SALT LAKE CITY - A man who lives with his five wives and 29 children in the remote Utah desert goes on trial Monday in the state's first polygamy prosecution in decades.

Tom Green, who says his lifestyle is a God-given choice and has vigorously defended it on TV talks shows, faces charges of bigamy and criminal nonsupport. He could get 25 years in prison if convicted on all counts.

He believes the government has singled him out because he's been so outspoken.

"You stick your head out of the hole, the government will shoot it off," said Green, 52. "The state's driving this thing back underground where they want it to stay."

Green himself has been anything but underground. He has appeared on several television shows to defend his lifestyle, including "Dateline NBC" and "The Jerry Springer Show," and held news conferences despite a judge's warning not to do so.

Juab County Prosecutor David Leavitt, Gov. Mike Leavitt's brother, has said he never would have known about Green if he hadn't appeared on television.

But Green, who insists he should be allowed to practice polygamy under the protection of religious freedom, said he shouldn't be required to keep his beliefs quiet.

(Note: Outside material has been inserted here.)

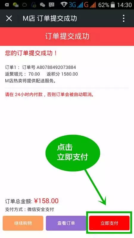 7.进入“订单提交成功”,点击右下角“立即支付”:

"That's been the unwritten rule for 50 years in Utah," he said. "You'll pretend you don't exist and we'll pretend you don't exist."

Green also may be subject to a separate trial on child rape charges stemming from his relationship with one of his wives when she was 13, but no trial date has been set.

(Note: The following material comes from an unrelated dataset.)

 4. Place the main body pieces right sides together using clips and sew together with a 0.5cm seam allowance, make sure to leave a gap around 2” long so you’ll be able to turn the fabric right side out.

Only a handful of Utah polygamists has ever been charged with bigamy, and prosecutors believe the last trial was in the 1950s. The outcome of the trial will be watched with interest by an estimated 30,000 polygamists living in the West.

Critics of the practice say that the patriarchal societies in which polygamists live foster child abuse, incest and, because few practitioners can afford to support their enormous families, welfare fraud.

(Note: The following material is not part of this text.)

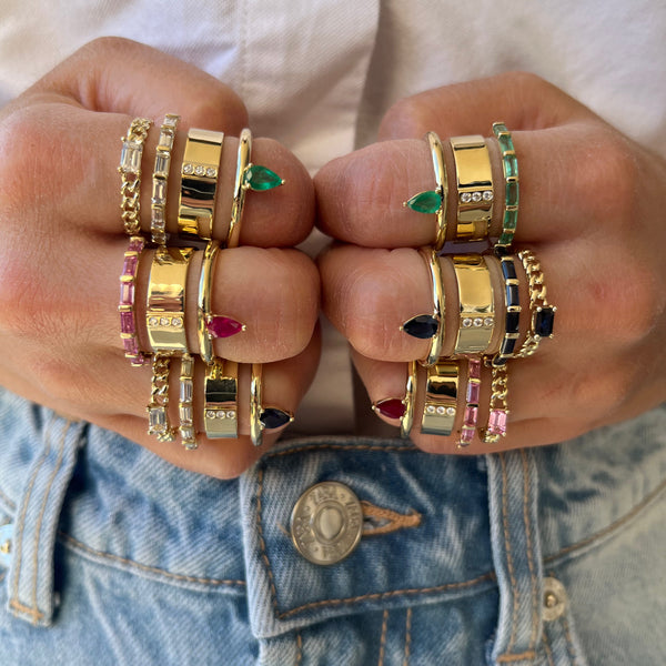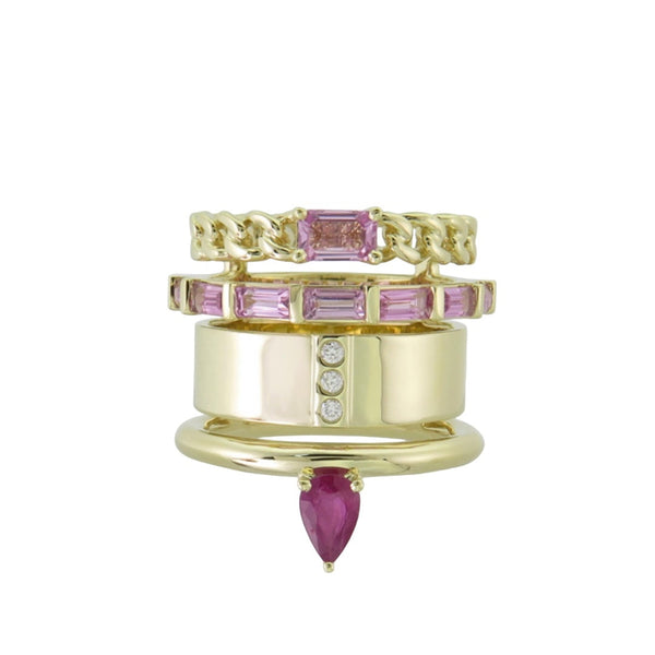 The Type Jewelry Stack Ruby Pink Sapphire Ring brings together vibrant color and sculptural form in a way that feels instantly captivating. Layers of warm gold, rich ruby, and luminous pink sapphires create a bold statement piece designed to be worn solo or built into a signature stack.

"It is a long journey that we have been on to get the attention of the state to get them to recognize some of the abuses that go on in these groups," said Rowenna Erickson, a former plural wife who now works with Tapestry Against Polygamy, an advocacy group for those who leave polygamy.

Polygamy arrived in Utah in the 1840s, when members of the Church of Jesus Christ of Latter-day Saints settled in the state. Mormon leaders believed the practice was required by God because some Old Testament prophets took multiple wives.

But outside the church, the practice was condemned. In 1854 the Republican Party termed polygamy and slavery the "twin relics of barbarism," and in 1862 Congress outlawed plural marriage.

The U.S. Supreme Court in 1879 upheld the anti-polygamy law. And with federal pressure mounting, the church in 1890 disavowed polygamy.

Six years later, as a condition of statehood, the practice was prohibited in the Utah Constitution.

But the long-secretive polygamous societies have endured, and members have begun to speak up. Some have agreed to interviews with reporters or held news conferences. Most notably, 100 polygamists from various groups attended hearings at the state Legislature in February, and persuaded lawmakers to soften the penalty for arranging polygamous marriages.

"They've probably had a stomach full of negative press and have set out to say something positive," said Dave Zolman, a former state lawmaker who lost his seat in part because of his support for polygamists' rights. "They have allowed themselves to be painted into the corner with their silence and their secrecy. And I told them, how do you ever expect to get your civil rights if you behave that way?"

Erickson acknowledged that Green's prosecution could force polygamists into hiding even further.

"There's always that possibility because they like to play the martyr role," she said. "I just think they're going to keep it more quiet, because that's part of polygamy and that's part of their addiction and their abuses."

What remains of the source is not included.